Multimodal Language Model Evaluation: A Creative Coding Challenge
January 27, 2025
Introduction
Creative code-based art challenges offer a way to explore and test how language models solve problems requiring both technical and visual thinking.
Recently, we challenged four leading LLMs (DeepSeek-R1, Claude 3.5 Sonnet, Gemini 1.5 Flash, and o1) to produce original code-based digital art. Genuary (opens in a new tab) is a month-long event where participants create code art based on daily prompts.
Specifically, we tasked each model to complete the Jan 27 (opens in a new tab) prompt: "Make something interesting with no randomness or noise or trig."
We then evaluated each submission against three user-focused visual metrics, using Mandoline's multimodal evaluation capabilities.
Below we discuss our experiment and share key insights on using user-relevant evaluation metrics in creative contexts.
Experiment
We tested four leading multimodal language models:
- DeepSeek-R1 (opens in a new tab)
- Claude 3.5 Sonnet (opens in a new tab)
- Gemini 1.5 Flash (opens in a new tab)
- o1 (opens in a new tab)
Each model was prompted using identical instructions, which included:
- The code-based art challenge
- A request to brainstorm approaches
- Implementation instructions (output must be a single, self-contained HTML file)
We then evaluated each response using three metrics:
- Conceptual Depth: Does the code exhibit thoughtful, novel, and thematically interesting logic?
- Creative Originality: Is the approach unusual or surprising within the constraints?
- Aesthetic Impact: How visually compelling or striking is the result?

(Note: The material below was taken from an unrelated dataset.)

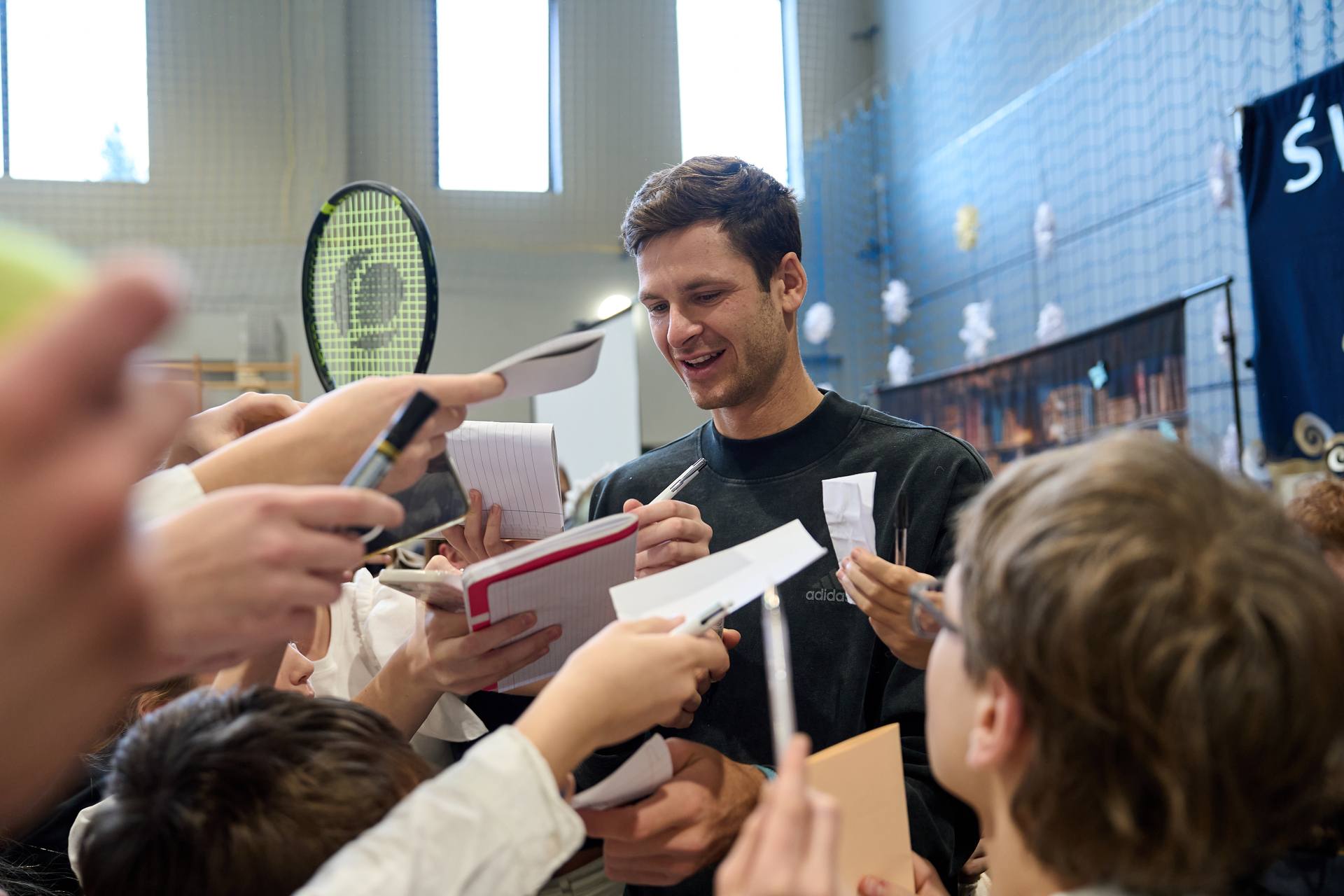 20 / 25 Wróć do artykułu Hubert Hurkacz odwiedził dawną szkołę we Wrocławiu Hubert Hurkacz odwiedził dawną szkołę we Wrocławiu Oleksandr Poliakovsky/Wroclaw.pl Przejdź do poprzedniego zdjęcia. Poprzednie Następne Przejdź do kolejnego zdjęcia. Hubert Hurkacz odwiedził dawną szkołę na Januszowickiej we Wrocławiu i spotkał się z uczaniami

Each metric is scored from -1.0 to 1.0, with higher scores indicating better performance.
Results
Here's how each model responded to the challenge:
DeepSeek-R1
Claude 3.5 Sonnet
Gemini 1.5 Flash
o1
Evaluations
The models scored across our three metrics as follows:
Model | Conceptual Depth | Creative Originality | Aesthetic Impact | Notable Approach |
---|---|---|---|---|
DeepSeek-R1 | 0.28 | 0.26 | 0.70 | Modular arithmetic with phase-shifted color transitions. |
Claude 3.5 Sonnet | 0.25 | 0.26 | 0.25 | Fibonacci sequences with "crystalline" expansions. |
Gemini 1.5 Flash | 0.30 | 0.16 | 0.10 | Cellular automata based on neighbor rules. |
o1 | 0.10 | -0.10 | -0.10 | Pixel-based color evolution system. |
DeepSeek-R1's modular arithmetic approach with phase-shifted color transitions led to significantly higher aesthetic impact (0.70) compared to other models.
Claude 3.5 Sonnet and Gemini 1.5 Flash showed similar conceptual strength (0.25 and 0.30) with their respective Fibonacci and cellular automata approaches, but couldn't match DeepSeek-R1's visual appeal.
o1's pixel-based system scored lowest despite its technical sophistication, highlighting that complex implementations don't necessarily yield better creative results.
Note - these scores reflect performance on this specific creative coding task - additional evaluation across more tasks would be needed for broader capability claims.
Conclusion
When we give language models open-ended, creative tasks we learn something valuable about how they solve problems. Each model handled this challenge differently, providing some insight into their strengths and limitations.
For tasks like generative art, the end result - how good it looks - is what matters most. Technical polish like memory efficiency or code optimization doesn't matter as much as the quality of the resultant visual design.
This is why we're building structured ways to evaluate AI beyond pure technical metrics - looking at things like conceptual thinking, creativity, and visual design. Standard benchmarks often miss what matters in real applications.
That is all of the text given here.